В середине 80-х годов прошлого (двадцатого) столетия я взял на себя смелость отобрать для Русской службы Би-Би-Си те отрывки из интервью в сборнике литературных выступлений Набокова «Твердое мнение» (Strong Opinions, 1973), которые затрагивают эмигрантскую сторону Набоковианы - его отношения к России и русской литературе в метрополии и в эмиграции. Эти взгляды Набокова были в то время совершенно неизвестны русскому читателю. Я отобрал из книги не вырванные из контекста цитаты, а отдельные вопросы вместе с ответами на них, целиком, без каких-либо изменений или сокращений.

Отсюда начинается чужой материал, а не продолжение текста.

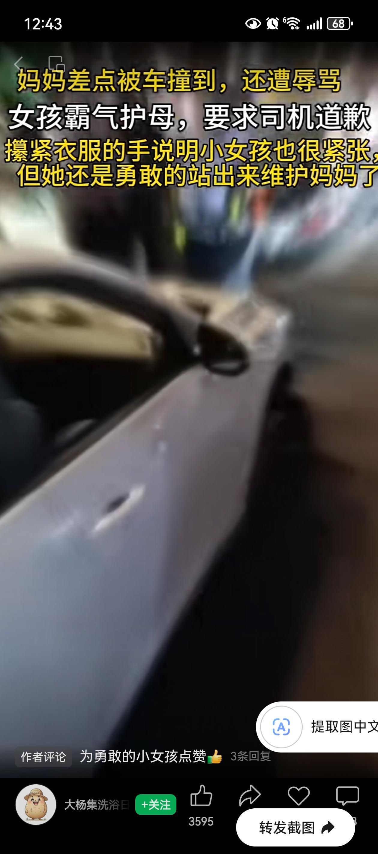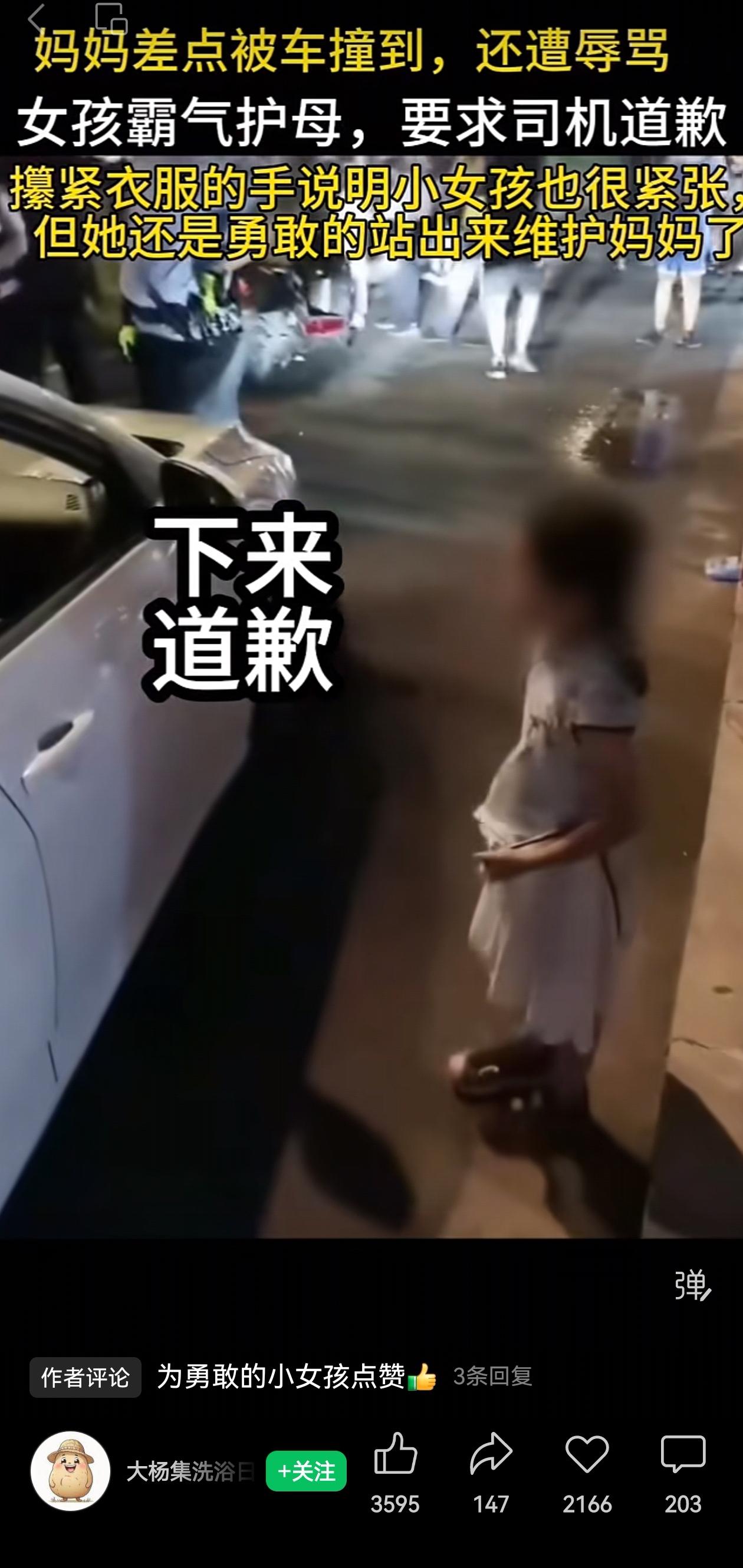 小孩姐好样的!一个妈妈带着女儿走着,突然有辆车差点撞上她们。母女俩被吓着后,司机不光不道歉,还对着妈妈破口大骂,态度特别嚣张。 妈妈被骂懵了,还没来得及反应,旁边那个小小的身影直接冲上去了。 小女孩走到车旁边,对着驾驶座上那个高大的男司机喊:“我让你下来道歉!”说实话,视频里能明显看出来她在害怕——小手攥着衣服攥得紧紧的,整个人都是绷着的,但她就是没往后退一步,就那么坚持着! 看到那个攥衣服的动作,真的有点鼻子发酸。她肯定是怕的,这么小的孩子,面对一个发火的成年人会不怕吗? 但在她眼里,妈妈被欺负了,欺负人的人必须道歉!脆弱又勇敢! 平时都是妈妈护着孩子,但关键时刻,这个小姑娘用自己的方式告诉妈妈:你也有我。 那个攥紧衣服的小手,写满了害怕,却没有后退半步。平时是妈妈护她,这次是她护妈妈。 小小年纪能压过恐惧去撑腰,这种发自本心的爱,真的比什么都珍贵。 小孩姐,好样的! 信息来源:大杨集洗浴日化用品

В тот период своей жизни я был регулярным автором парижского «Синтаксиса» (под редакцией М.В. Розановой и Андрея Синявского), и текст «воображаемого интервью», прозвучавшего в эфире Би-Би-Си, почти сразу же появился на страницах этого журнала («Синтаксис» №15, 1986), с ясным предисловием - о том, как это интервью было «взято» у Набокова. Вот полый текст этой публикации.

 

 

Зиновий Зиник

ВООБРАЖАЕМОЕ ИНТЕРВЬЮ С ВЛАДИМИРОМ НАБОКОВЫМ

Владимир Набоков, вслед за Пушкиным, считал, что читатель, желающий знать о жизни писателя, должен обращаться к написанным писателем книгам, а не копаться в его переписке. Среди обширного литературного наследства Набокова — книга "Твердое мнение", никогда не публиковавшаяся по-русски. Это объемистый том ответов Набокова на вопросы, которые ставились перед ним американскими и английскими журналистами и издателями, работниками радио и телевидения на Западе. Все тексты интервью были тщательно отредактированы и подготовлены к печати самим Набоковым. Я взял на себя смелость отобрать из этого объемистого тома и перевести на русский те вопросы и ответы Набокова, которые затрагивают "эмигрантскую сторону" Набоковианы и практически неизвестны русскому читателю. Собранные воедино, эти избранные вопросы и ответы из книги "Твердое мнение", стали звучать, как новое интервью с Владимиром Набоковым.

 

З.Зиник. ИТАК, ВОПРОС ПЕРВЫЙ: Взять интервью у Вас — процедура довольно торжественная. Вопросы должны быть представлены в письменном виде, ответы тоже готовятся письменно, и все воспроизводится в студии слово за словом. Чем Вы мотивируете эти три абсолютно необходимых условия?

НАБОКОВ. Я думаю как гений, я пишу как выдающийся автор и я разговариваю как ребенок. Мои меканья и беканья по телефону заставляют собеседников на дальнем конце провода переходить с их родного английского на все мыслимые иностранные языки. Когда я пытаюсь развлечь гостей занимательной историей, мне приходится возвращаться к каждому предложению для поправок и вставок. Даже сон, рассказанный жене за завтраком, звучит как черновик первого варианта.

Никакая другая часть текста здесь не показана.